On Sat, 6 Jul 2024, sjenkin(a)canb.auug.org.au wrote:
C wasn’t the first standardised coding language,
FORTRAN & COBOL at least were before it,
so there were multi-platform source libraries and shared source, though often single
platform.
From what I know, vendor extensions of FORTAN, optimised for their hardware, were common,
making high-performance, portable source difficult or impossible. 6-bit and 8-bit chars
were the least of it.
Even without vendor extensions, writing portable Fortran code was hard.
Different floating point formats give you different results, and
architectural differences can bite you. One famous example is that the
709x required word alignment, but S/360 had 4 byte aligned floats and 8
byte aligned doubles, so this:
REAL R(100)
DOUBLE PRECISION D(10)
EQUIVALENCE (R(2), D(1))
would work fine on a 7090 but crash on a 360. That was painful enough
that one of the first things they changed on S/370 was to allow misaligned
data.
I never wrote much COBOL but it had structured data (the ancestor of C
structs) and "redefines" for overlaying structures which could bite you
when different machines had different size or alignment. There were also
a lot of different character sets which led to bugs when code had implicit
assumptions about collating sequences, e.g., do numbers come before
letters as in ASCII, or after as in EBCDIC.
The fact that everything now has 8 bit byte addressed memory with power of
two data sizes and everything is ASCII makes all these problems go away.
Is this right:
C was the first ’systems tool’ language + libraries available across many
platforms.
Notionally, source code could be ported with zero or minimal change.
It made possible portable languages like PERL, PHP, Python.

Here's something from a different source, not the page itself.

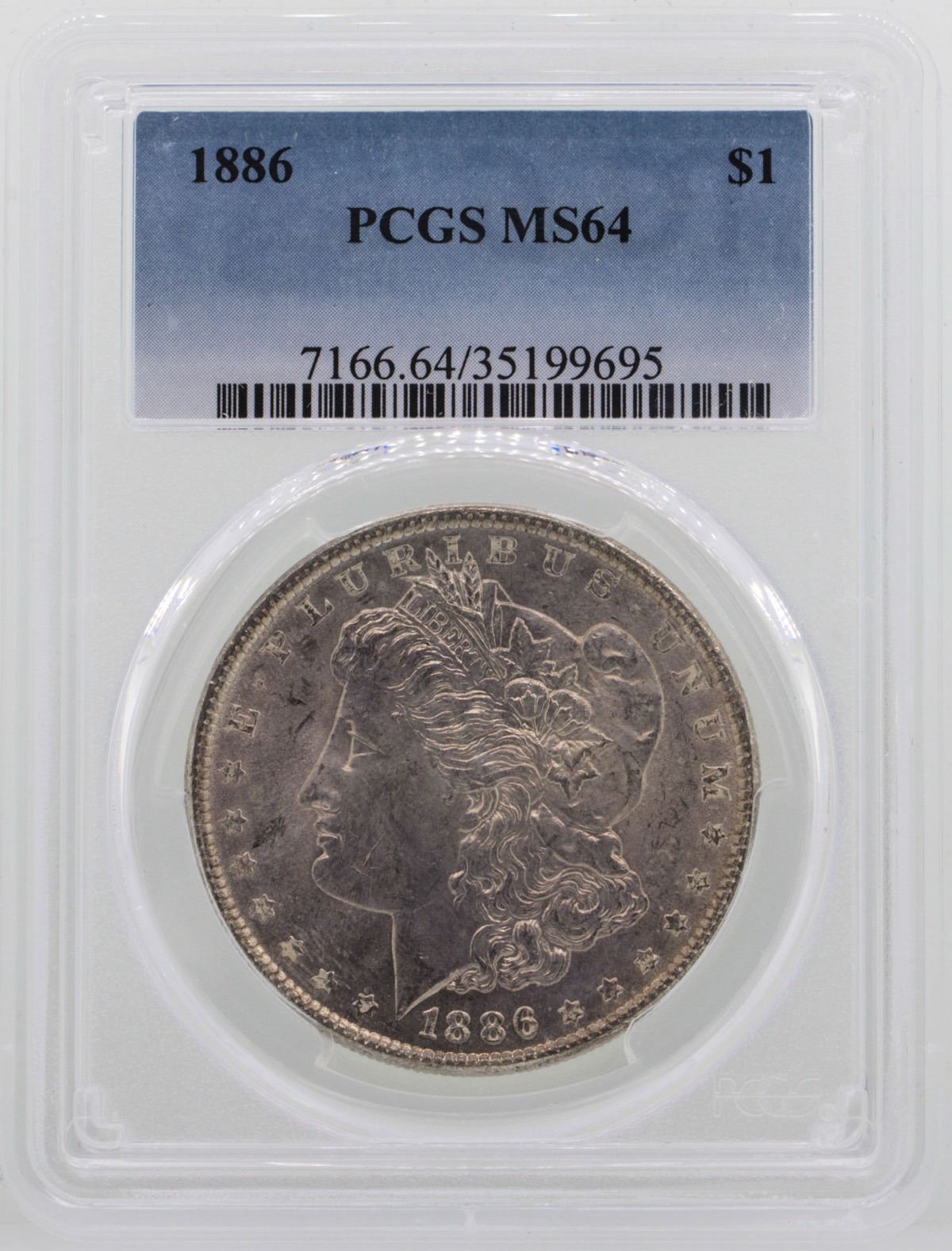 One 1886 $1 Morgan Silver Dollar Coin PCGS MS64.

I think so. There were previous system languages like a PL/I subset on
Multics or PL/S on IBM or PL/M on micros but I don't think any of them had
multiple targets.
Secondly, portable systems tool languages with a
common 2-part design
of parser/front-end providing an abstract syntax tree
to multiple back-ends with platform specific code-generators.
Are these back-ends where most of the assembler, memory model and instruction
optimisation take place now?
That's the standard way to build a compiler. Back in the late 1950s
someone had the bright idea to invent a common intermediate language they
called UNCOL so all of the front ends could produce UNCOL and all of the
back ends could translate from UNCOL thereby reducing the NxM compiler
problem to N+M. It never worked, both because the semantic differences
between source languages are larger than they look, and the machine
architectures of the era were wildly different.
Now we have GCC and LLVM which are sort of UNCOL-ish, but mostly because
the back ends are all so similar. The instruction sets may be different
but the data formats are all the same.
R's,
John